Plus, since it is njit meaning "nopython" mode, you can even use #numba.njit(nogil=True) and get multicore speedup if you have many of these calls to make.
I have a bytes object or bytearray object representing a packed stream of 11-bit integers. (Edit: Stream is 11-bit big-endian integers without padding.)
Is there a reasonably efficient way of copying this to a stream of 16-bit integers? Or any other integer type?
I know that ctypes supports bit fields but I am not sure whether this helps me here at all.
Can I maybe "abuse" some part of the standard library that already does such bit-fiddling for other purposes?
If I have to resort to cython, is there an good implementation that can deal with variable bit-lengths? I.e. not only for 11 bit input but also 12, 13, etc?
Edit: Pure python solution based on PM2 Ring's answer
def unpackIntegers(data, num_points, bit_len):
"""Unpacks an array of integers of arbitrary bit-length into a
system-word aligned array of integers"""
# TODO: deal with native integer types separately for speedups
mask = (1 << bit_len) - 1
unpacked_bit_len = 2 ** ceil(log(bit_len, 2))
unpacked_byte_len = ceil(unpacked_bit_len / 8)
unpacked_array = bytearray(num_points * unpacked_byte_len)
unpacked = memoryview(unpacked_array).cast(
FORMAT_CODES[unpacked_byte_len])
num_blocks = num_points // 8
# Note: zipping generators is faster than calculating offsets
# from a block count
for idx1_start, idx1_stop, idx2_start, idx2_stop in zip(
range(0, num_blocks*bit_len, bit_len),
range(bit_len, (num_blocks+1)*bit_len, bit_len),
range(7, num_points, 8),
range(-1, num_points-8, 8),
):
n = int.from_bytes(data[idx1_start:idx1_stop], 'big')
for i in range(idx2_start, idx2_stop, -1):
unpacked[i] = n & mask
n >>= bit_len
# process left-over part (missing from PM2 Ring's answer)
else:
points_left = num_points % 8
bits_left = points_left * bit_len
bytes_left = len(data)-num_blocks*bit_len
num_unused_bits = bytes_left * 8 - bits_left
n = int.from_bytes(data[num_blocks*bit_len:], 'big')
n >>= num_unused_bits
for i in range(num_points-1, num_points-points_left-1, -1):
unpacked[i] = n & mask
n >>= bit_len
return unpacked
There may be a more efficient way to do this with a 3rd-party library, but here's one way to do it with standard Python.

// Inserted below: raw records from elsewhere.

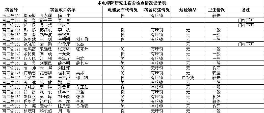 水电公司研究生宿舍消防安全及卫生检查报告(20111116)
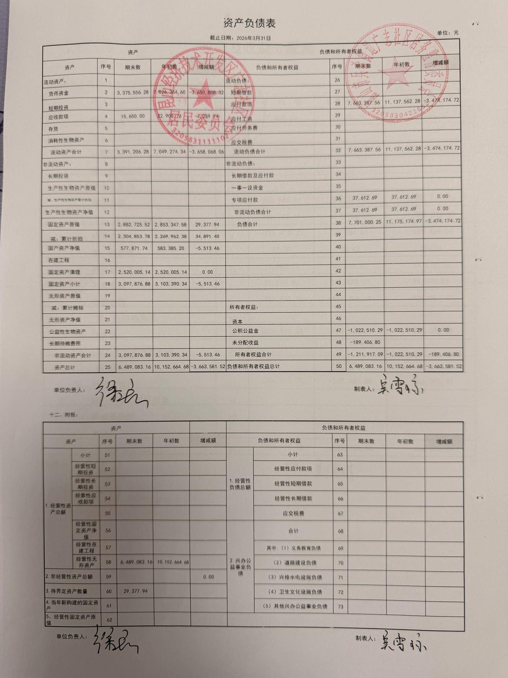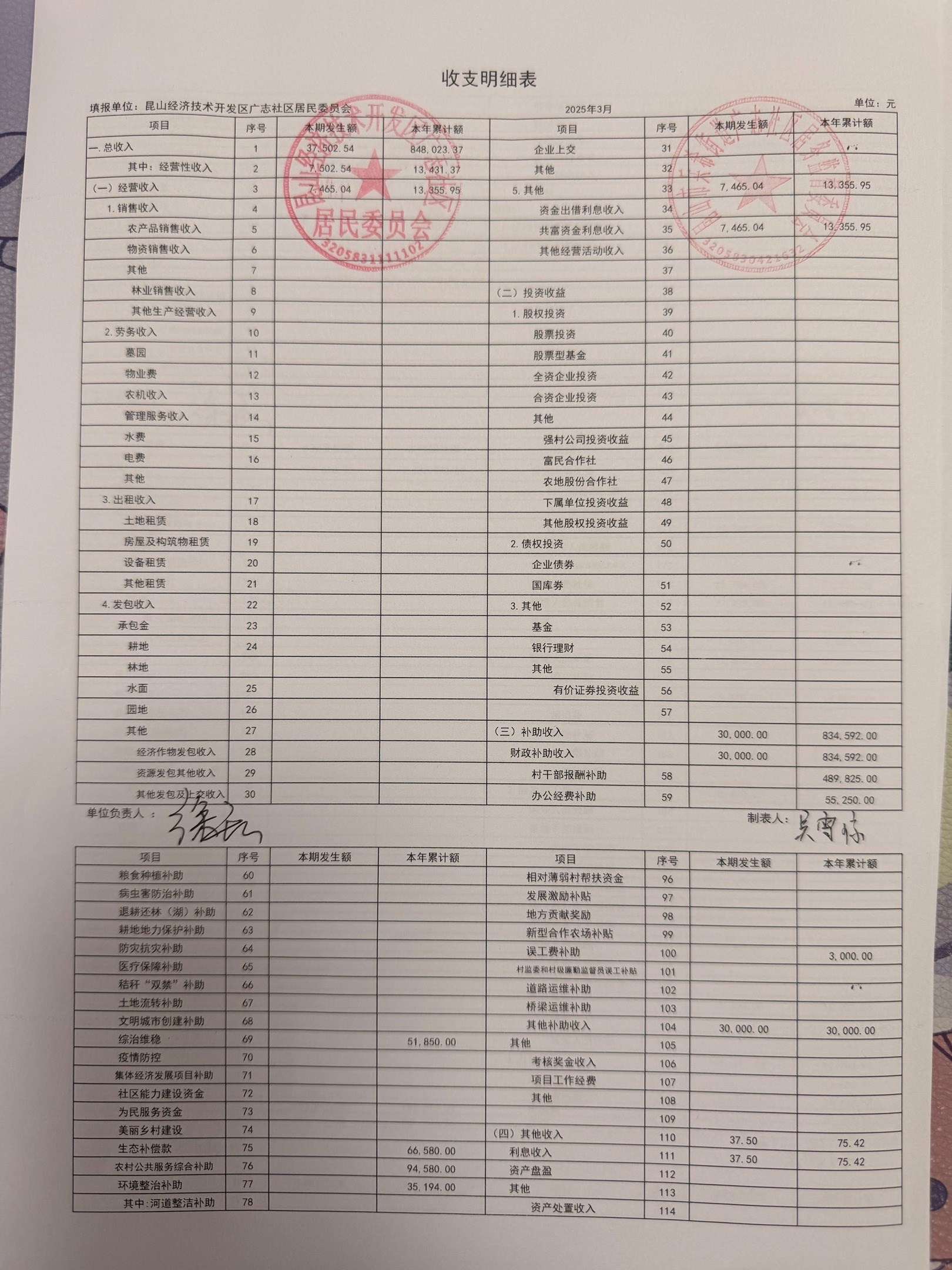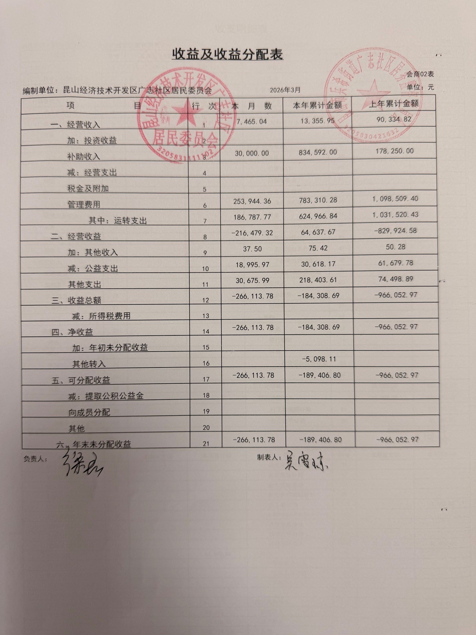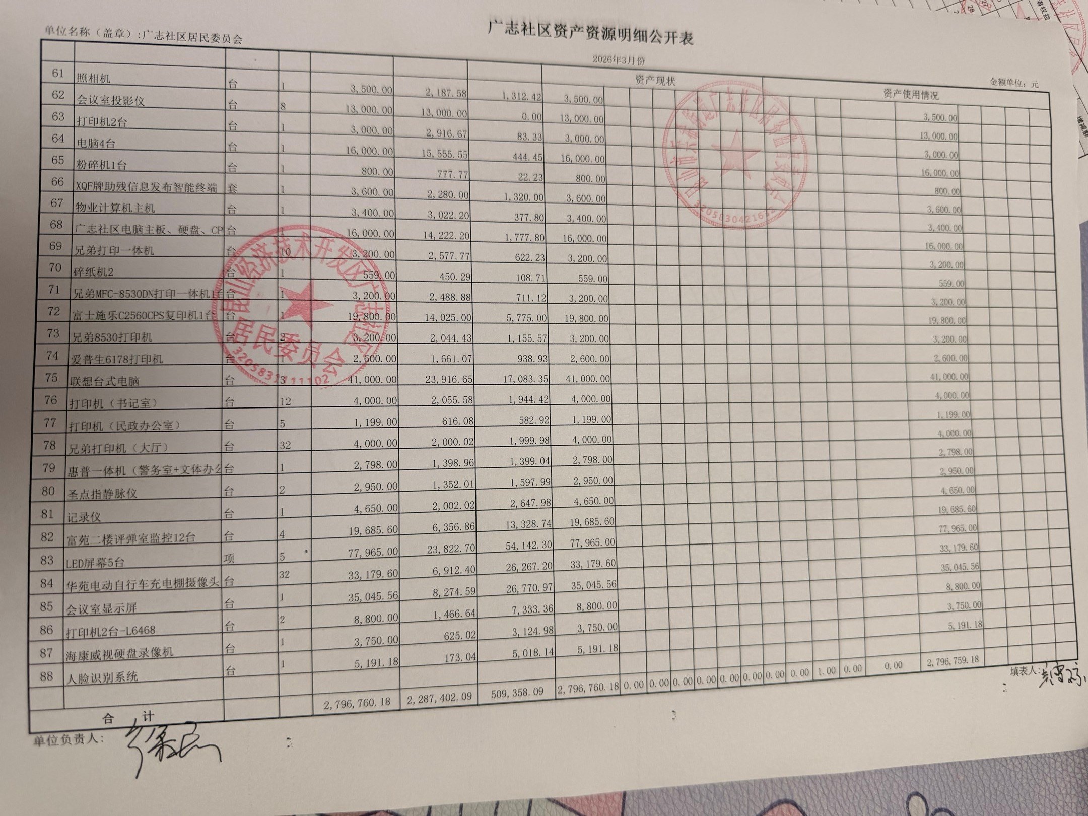 2026年3月份广志社区财务公开资料
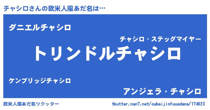 | 男性向けラノベタイトル風あだ名 | 『チャシロ~年齢イコール彼女いない歴の魔法使い~』 |
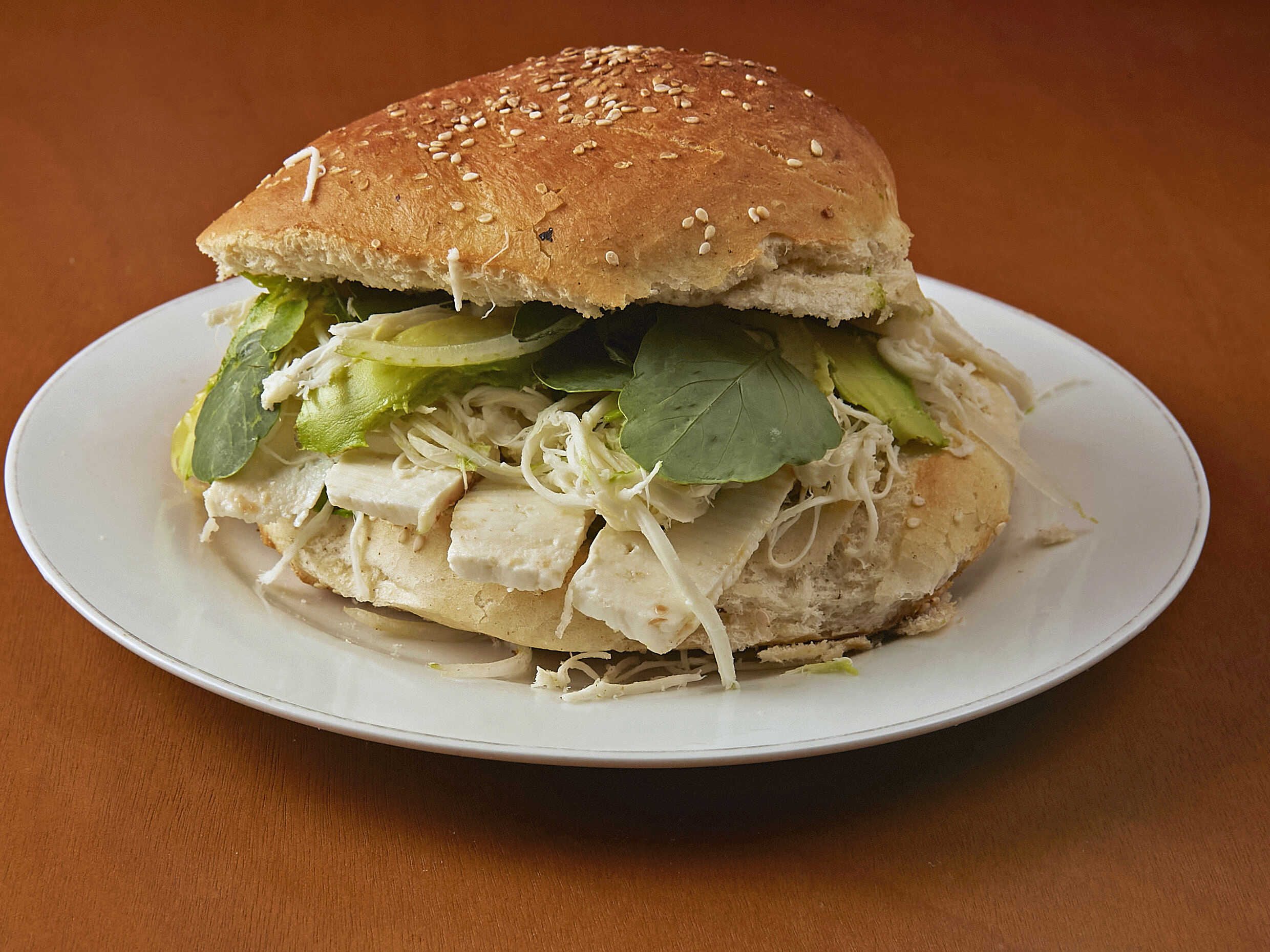 Pan tradicional de la cemita poblana integrada por milanesa de pollo, aguacate, quesillo, pápalo, cebolla y picante a elegir.

The unpack generator iterates over its data argument in chunks, data can be any iterable that yields bytes. To unpack 11 bit data we read chunks of 11 bytes, combine those bytes into a single integer, and then we slice that integer into 8 pieces, so each piece will contain the data from the corresponding 11 source bits.
def unpack(data, bitlen):
mask = (1 << bitlen) - 1
for chunk in zip(*[iter(data)] * bitlen):
n = int.from_bytes(chunk, 'big')
a = []
for i in range(8):
a.append(n & mask)
n >>= bitlen
yield from reversed(a)
# Test
# 0 to 23 in 11 bit integers, packed into bytes
data = bytes([
0, 0, 4, 1, 0, 48, 8, 1, 64, 48, 7,
1, 0, 36, 5, 0, 176, 24, 3, 64, 112, 15,
2, 0, 68, 9, 1, 48, 40, 5, 64, 176, 23,
])
print(list(unpack(data, 11)))
output
[0, 1, 2, 3, 4, 5, 6, 7, 8, 9, 10, 11, 12, 13, 14, 15, 16, 17, 18, 19, 20, 21, 22, 23]
Note that if data does not contain a multiple of bitlen bytes then it will end in a partial chunk which will be ignored.